According to Dr. King we all have the following choice:
- Walk in the light of creative altruism or the darkness of destructive selfishness.
King’s persistent call to action, “What are you doing for others?” is as loud today 47 years after his death as it was in 1968. For King, a life of service was the hallmark of a “full life.”
On February 4, 1968, from his pulpit of Ebenezer Baptist Church, he asked that we remember the following after his mortal death:
- I’d like for somebody to mention that . . . Martin Luther King, Jr. tried to give his life serving others . . . that I did try in my life . . . to love and serve humanity.
We do not celebrate King Day on the anniversary of his death, but on the Monday closest to his birth of January 15 (1929).
On this date we have the opportunity to not just mention King’s service to others, but to shout out, "DR. KING: YOU NOT ONLY TRIED BUT YOU DID LEAD A LIFE OF SERVICE TO OTHERS WITH LOVE FOR ALL HUMANITY!"
Now it is our turn to not just SHOUT but to WALK where Dr. King wanted us to go. In a recent article, his son --Martin Luther King III-- implores us to not just seek his father’s dream of freedom and equality for all, but to live our lives in each and every moment in service to others.
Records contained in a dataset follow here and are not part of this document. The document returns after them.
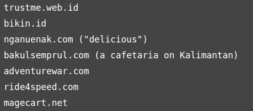 According to Cyberthreat.id the following dozen shops were infected with the GetBilling web skimmer: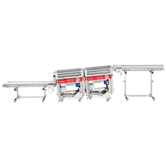 Mit zwei Maschinen erreichen Sie eine Leistung von bis zu 120 kg/h. Außerdem benötigen Sie dank des pneumatischen Kolbenkippsystems keine Schienen für die Installation einer Produktionslinie, was die Montage, Reinigung und Wartung erleichtert.Deshalb können Sie mit einer kompletten Produktionslinie mit zwei MT Tumbler 800 sowie Zu- und Abführbändern Ihre Produktion exponentiell steigern, die Verarbeitungszeit und die Kosten erheblich reduzieren und gleichzeitig die höchste Qualität Ihrer Blumen beibehalten.
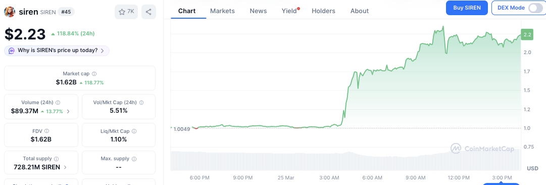Market metrics aligned with the price movement. SIREN’s market capitalization rose to $1.62 billion, marking a 118.77% increase. At the same time, 24-hour trading volume reached $89.37 million, up 13.77%.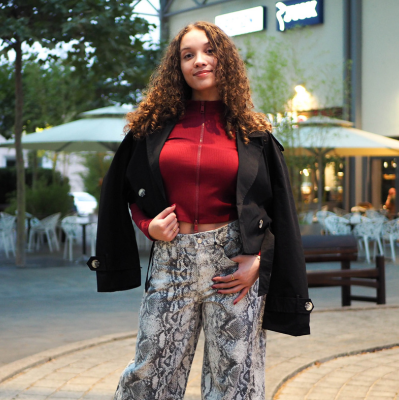 Schon genug vom Leo-Trend? Dann probier's doch mal mit anderen Animal-Prints, wie zum Beispiel dieser Hose in Schlangen-Optik. Passt übrigens perfekt zur Trend-Farbe Rot. Das komplette Outfit findest du bei Tally Weijl!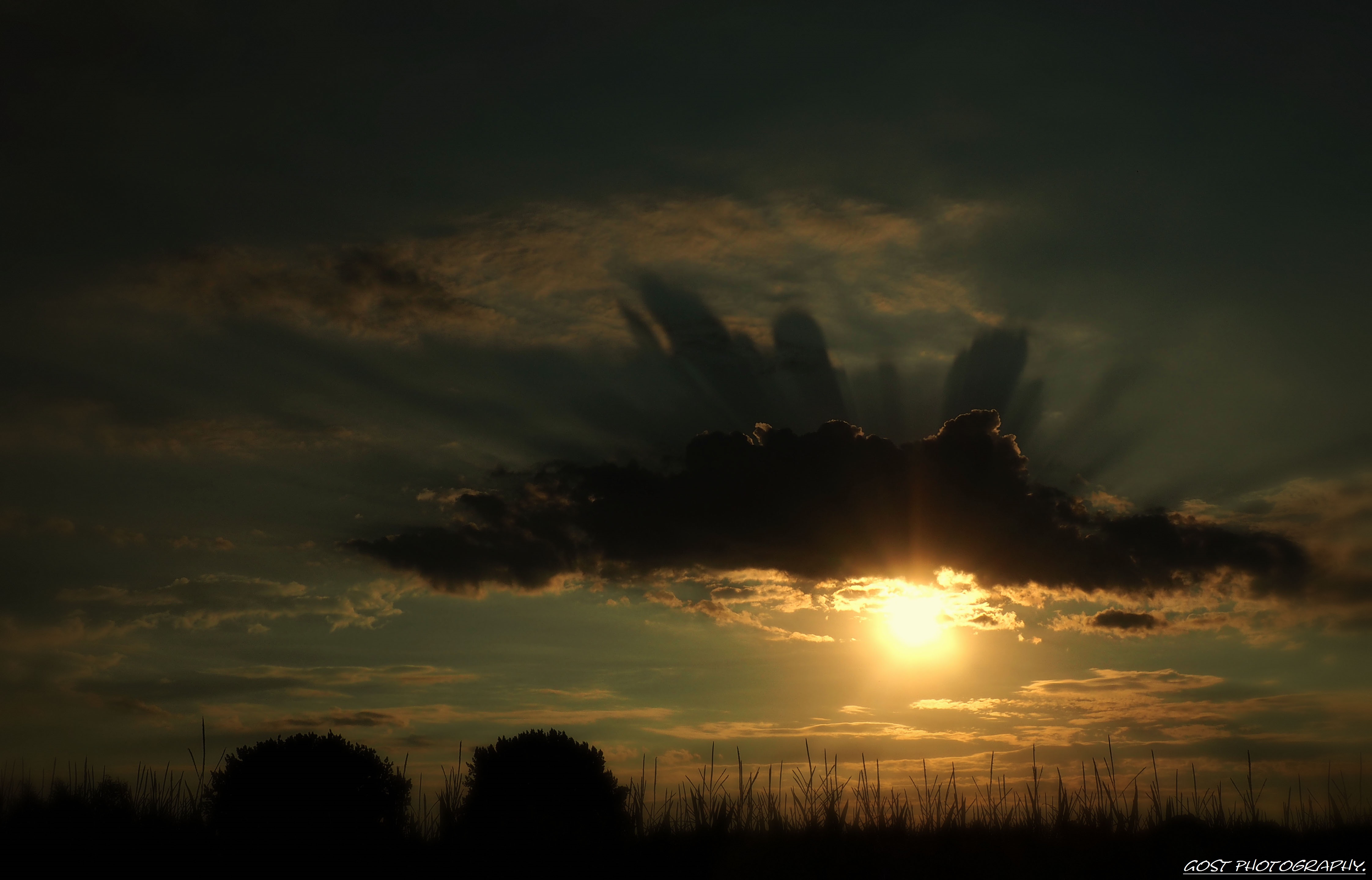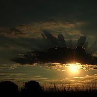 Weird natural phenomenon, the rising sun creates shadows of the clouds.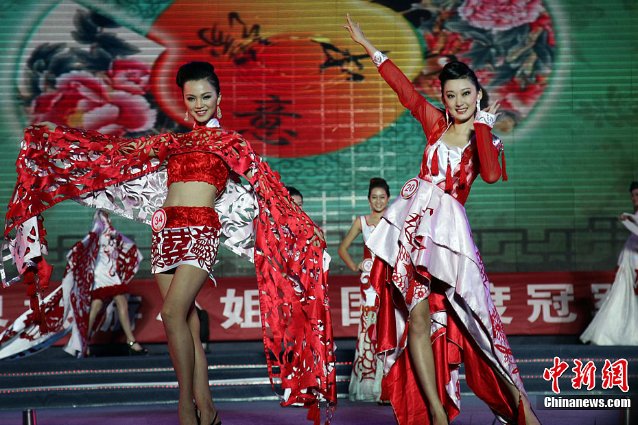 8月24日晚,2012世界旅游小姐中国年度冠军总决赛颁奖盛典在山西阳城凤西生态公园落幕,来自中国20个分赛区的36名选手,在此经过开场舞、民族服饰、泳装以及晚装四个部分的角逐。最终,来自山西的刘彦君夺得冠军,江西的徐瑶瑶获得亚军,北京的袁佳怡获季军。图为身着由剪纸艺术做出的性感纸衫的参赛选手们,吸引了众多前来的观赛嘉宾的目光。张云 摄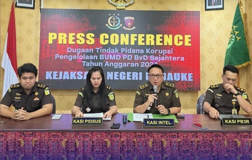 MERAUKE (INSERTRAKYAT.com Jum’at 27 Februari) — Kejaksaan Negeri Merauke resmi menaikkan status penanganan dugaan korupsi pengelolaan keuangan PD BvD Sejahtera milik Kabupaten Boven Digoel dari penyelidikan ke tahap penyidikan. Langkah hukum ini ditegaskan melalui siaran pers internal kejaksaan, menyusul temuan serius dalam pengelolaan BUMD Tahun Anggaran 2024.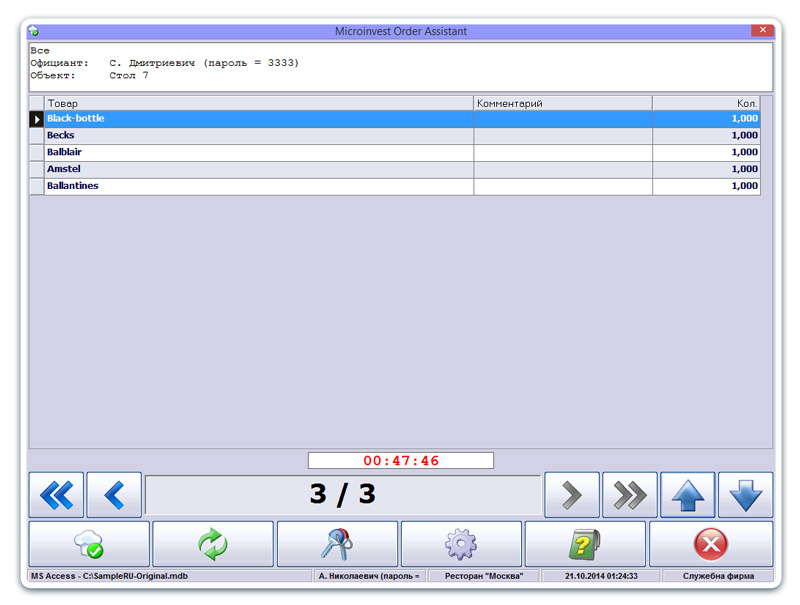 Microinvest Order Assistant – приложение оптимизирующее работу повара в ресторане при принятии и выполнении заказов. Важным дополением данного модуля является визуализация системы поступления и выполенения заказа, полученного от официанта.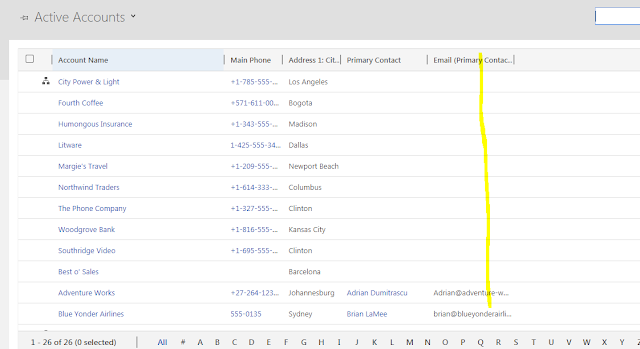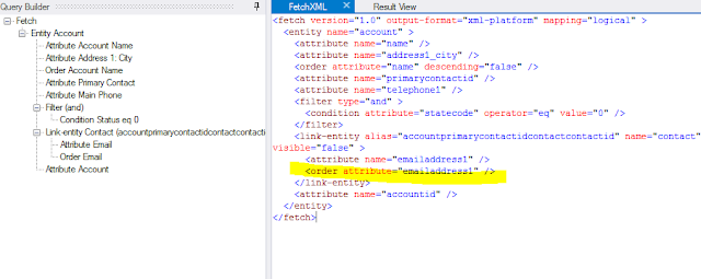 Issue: - If we go to the view of “Active Account” and try to configure sorting we will see only column of Account entity. Even we have added email address of primary contact in our view.

Today, I take some key ideas and phrases from this article to form the following Dr. Russ Bussters.
Dr. Russ Bussters for Living the Dream
- If it has to be our way or the highway, we are not living the dream. We live the dream by solving conflicts with greater understanding, reconciliation and cooperation.
- If we speak with hateful rhetoric we are exercising our right to free speech, but we are not living the dream. We live the dream when we invite all sisters and brothers of any race, faith, nationality, sexual orientation or political belief to be part of the human family.
- We are not living the dream when we claim that God is our side. We are living the dream when like Abraham Lincoln and Martin Luther King we pray that we are on God’s side.
- We are not living the dream when we espouse there is only one exclusionary and correct voice of God’s word; one right religious ideology. We are living the dream when we walk side by side with members of every religious faith.
- We are not living the dream when we ignore the needs of the poor and less fortunate. We are living the dream when we show compassion for the poor through donations of time and money.
- We are not living the dream if we advocate violence over non-violence. We are living the dream if we make non-violence not only the means to the end, but the end itself.
- We are not living the dream if we simply entitle the poor to a free lunch. We are living the dream if we teach them how to earn their own wages so they can buy their own lunch.
- We are not living the dream when we are idle and complacent about any form of injustice anywhere. We are living the dream when we attempt to fight, with peaceful means, all threats to justice everywhere.
- We are partially living the dream with donations of time and money to the poor. We are fully living the dream when we work to find ways to end their unemployment and put them back to work rebuilding our tattered infrastructure, reducing pollution and saving the environment.
- Learn to live the dream with this commitment:
- Find new ways to reach out to one another, to heal our divisions, and build bridges of hope and opportunity benefiting all people. (Martin Luther King III).